For first experiments a tiny but endearing dataset is used and prepared with *NNHelferlein* tools:

In [66]:
de = ["Ich liebe Julia",
      "Peter liebt Python",
      "Susi liebt alle",
      "Ich programmiere immer in Julia"]
en = ["I love Julia",
      "Peter loves Python",
      "Susi loves them all",
      "I always code Julia"]

de_vocab = WordTokenizer(de)
d = de_vocab(de, add_ctls=true)
d = pad_sequence.(d, 8)
d = truncate_sequence.(d, 8)

4-element Vector{Vector{Int32}}:
 [1, 7, 9, 6, 2, 3, 3, 3]
 [1, 10, 5, 13, 2, 3, 3, 3]
 [1, 15, 5, 11, 2, 3, 3, 3]
 [1, 7, 12, 8, 14, 6, 2, 3]

In [67]:
en_vocab = WordTokenizer(en)
e = en_vocab(en, add_ctls=true)
e = pad_sequence.(e, 8)
e = truncate_sequence.(e, 8)

4-element Vector{Vector{Int32}}:
 [1, 7, 10, 5, 2, 3, 3, 3]
 [1, 9, 6, 11, 2, 3, 3, 3]
 [1, 12, 6, 14, 13, 2, 3, 3]
 [1, 7, 15, 8, 5, 2, 3, 3]

In [68]:
mbs = sequence_minibatch(d, e, 2)
x,y = first(mbs)
@show length(mbs)
@show x
@show y;

length(mbs) = 2
x = Int32[1 1; 7 10; 9 5; 6 13; 2 2; 3 3; 3 3; 3 3]
y = Int32[1 1; 7 9; 10 6; 5 11; 2 2; 3 3; 3 3; 3 3]
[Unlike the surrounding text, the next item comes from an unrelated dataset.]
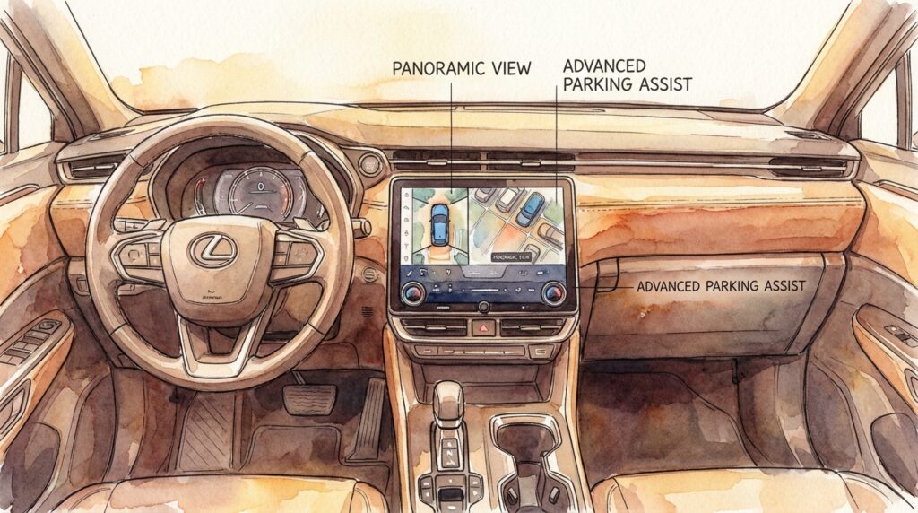 レクサスLBXには、駐車場での不安を解消する先進的な支援装備が用意されています。特にアドバンストパークは、駐車が苦手な方でも安心できる機能です。

The transformer generates output sequences of the same length as the decoder input (here: 8).

Each output vector (i.e. 1st dimension) has the length of the vocab size; the maximum value marks
the prediction (not here, because the model is not yet trained!); this can be done with the *NNHelferlein* function `de_embed()` and the tokeniser can be used to back-transform the tokens into words:

In [69]:
tf = Transformer(n_layers=5, depth=128, n_heads=4, 
        x_vocab=de_vocab, y_vocab=en_vocab)
o,α = tf(x,y)
@show size(o);

size(o) = (15, 8, 2)


In [70]:
p = de_embed(o)   # actually argmax() on the first dimension

1×8×2 Array{Int64, 3}:
[:, :, 1] =
 2  2  2  2  2  2  2  2

[:, :, 2] =
 2  2  2  2  2  2  2  2

In [21]:
en_vocab(p[:,:,1])   # the tokeniser can be used for de-tokenisation as well

"<pad> <pad> <pad> <pad> <pad> <pad> <pad> <pad>"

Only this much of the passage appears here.